Liquid Staking

Links

• https://github.com/Cyfrin/2024-09-stakelink/blob/f5824f9ad67058b24a2c08494e51ddd7efdbb90b/contracts/linkStaking/FundFlowController.sol#L32

• https://docs.stake.link/link-staking-contracts/fundflowcontroller#timeoflastupdatebygroup

Description

The timeOfLastUpdateByGroup variable within the FundFlowController contract is expected to store timestamps for the last updates of individual vault groups. However, a discrepancy was discovered between the code implementation and the official documentation. The documentation describes timeOfLastUpdateByGroup as a uint64 value. This implies that each timestamp is stored as a single 64-bit unsigned integer, sufficient to represent Unix timestamps. The actual implementation uses a uint256[] array, meaning that each vault group stores its timestamp as a 256-bit unsigned integer, with multiple timestamps recorded. This difference increases storage size and alters how the data is read or written.

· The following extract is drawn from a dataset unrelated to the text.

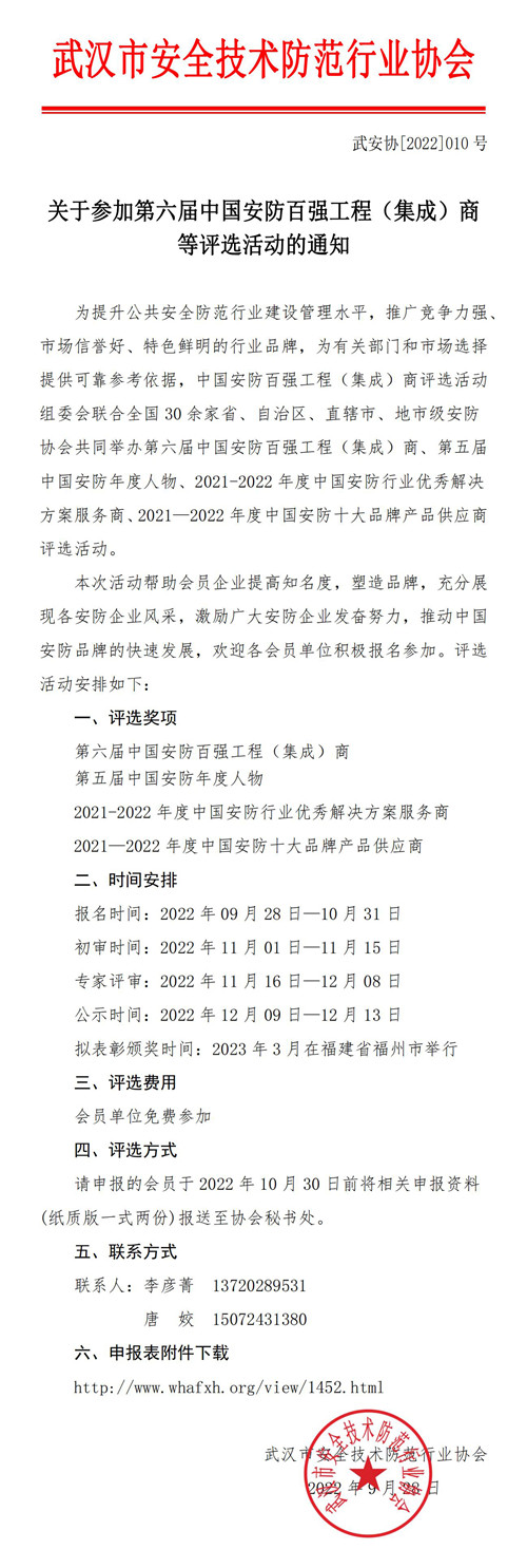 關于參加第六屆中國安防百強工程(集成)商等評選活動的通知
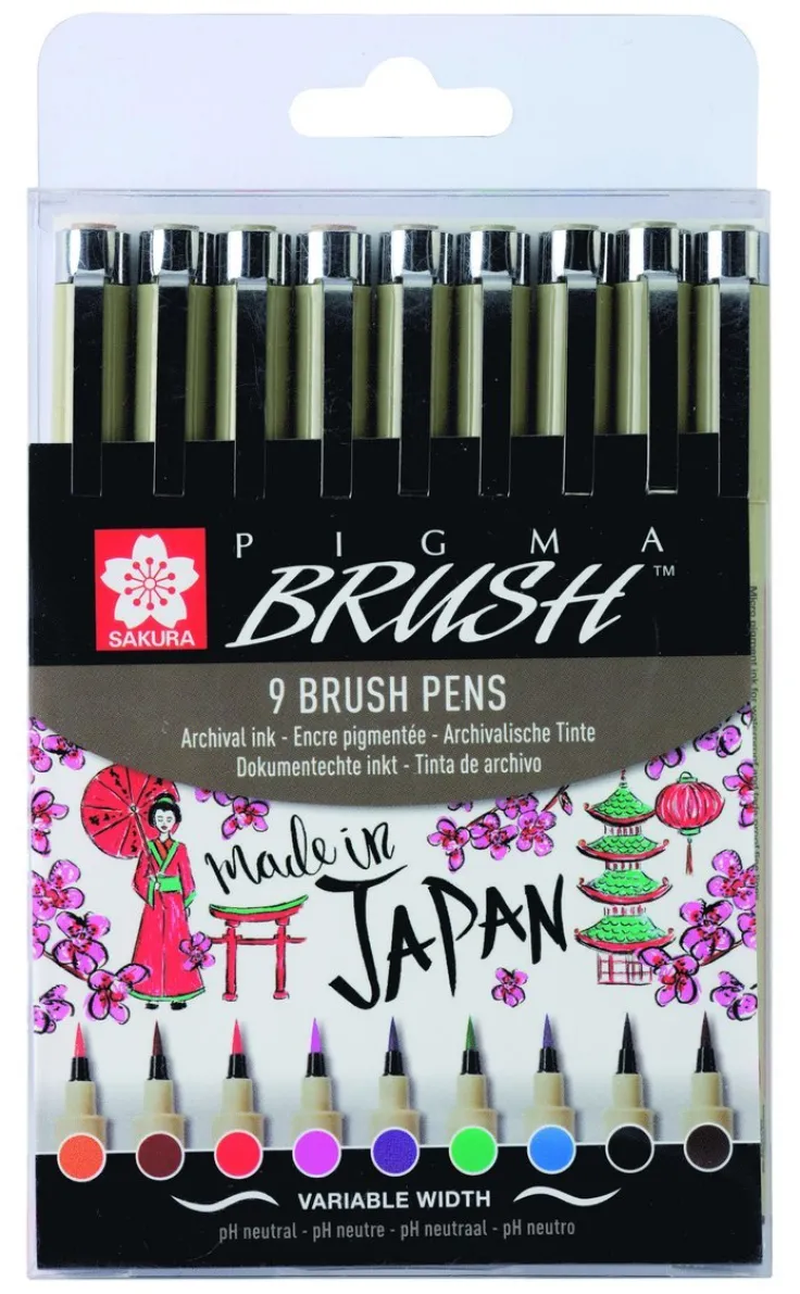 Pigma Brush är en teckningspenna med en flexibel penselspets som ger möjlighet till såväl fina detaljer som breda penseldrag, ljusbeständig, arkivsäker och blöder ej igenom papper. Set med 9 olika färger.

Systems relying on the documented type may be configured to handle uint64 values. If the on-chain data is read as a uint256 array, it could lead to decoding errors, incorrect timestamp interpretations, or reverts in API queries. When the frontend or off-chain services query these timestamps, the returned data format might differ from expectations, potentially breaking functionality or displaying incorrect information.

Impact

Systems expecting uint64 timestamps may encounter issues when interacting with this contract, resulting in failed or delayed operations. Unnecessarily using uint256 increases gas consumption during operations involving timestamps. Any frontend or contract relying on the uint64 format for this variable might encounter reverts when the actual data structure differs.

Tools Used

Manual Review

Recommendations

Modify the type of timeOfLastUpdateByGroup from uint256[] to uint64[] to match the documentation and reduce storage size. This change will align the implementation with the documentation while also saving gas.